Какое-то странное очернение классической русской литературы. Оно больше походит на признание в любви, сделанное застенчивой и ревнивой гимназисткой.
Один из персонажей книги – влюбленная девица, украшающая зашифрованными инициалами своего «предмета» все доступные ей стенки и заборы. Собственно и книга эта больше похожа на роман, а не на полемическое сочинение по истории литературы. Ее сложная образная система заслуживает отдельного исследования, но вот основные мотивы:
— Море и корабли. Едва ли не центральный образ книги, он проходит через весь текст во всем символическом многообразии – от «Титаника» на первых страницах до капитана, ведущего корабль к скалистому берегу в финале. Тут и философский пароход, и постсоветский средиземноморский круиз, и рассуждения о том, что русская литература проигнорировала морскую тематику. Историософские фантазии на морскую тему, детские воспоминания о происшествиях в порту, синяя пластмассовая лодочка с желтым человечком, слова «все главное вершится где-то там, в темноте, под водой, и спрятано от глаз посторонних»… Да «посторонние» и не желают ничего этого замечать. Ведь всем давно известно, что Климова – нигилистка и очернительница классики, зачем еще вникать в ее тексты?

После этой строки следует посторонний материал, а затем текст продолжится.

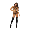 Conjunto de bralette de red elástica de 3 piezas, cinturilla, y tanga con detalles de cadena negra. Bralette tipo halter tiene detalle de cadena y ojal con cierre de gancho y bucle y banda elástica ajustable. Cinturilla tiene ligas frontales de cadena y cinturilla trasera elástica ajustable. Tanga a juego con detalle de cadena. Medias no incluidas.
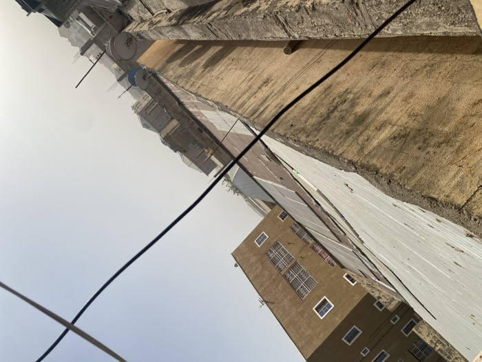 n urban scene with buildings and infrastructure. A tall brown building with multiple windows is visible in the lower center. Above, a long row of buildings recedes into the distance, with satellite dishes on rooftops. A concrete structure lines the top right, while power lines cross the frame diagonally. The sky is hazy, suggesting a polluted atmosphere.

— Поиск убежища, желание очутиться «в теплом, уютном, защищенном от внешних воздействий месте». Иногда пересекается с образом «чистого» корабля как идеального убежища от мира. Выражается также в желании «где-нибудь отсидеться и не выходить из дома» во время казенных торжеств и массовых мероприятий. Домик-макет в музее Островского – жилище гномов.
— Пустота. От «готической» пустоты в цитированном фрагменте до «буддийской» в главе 44, так и названной – «Образы пустоты».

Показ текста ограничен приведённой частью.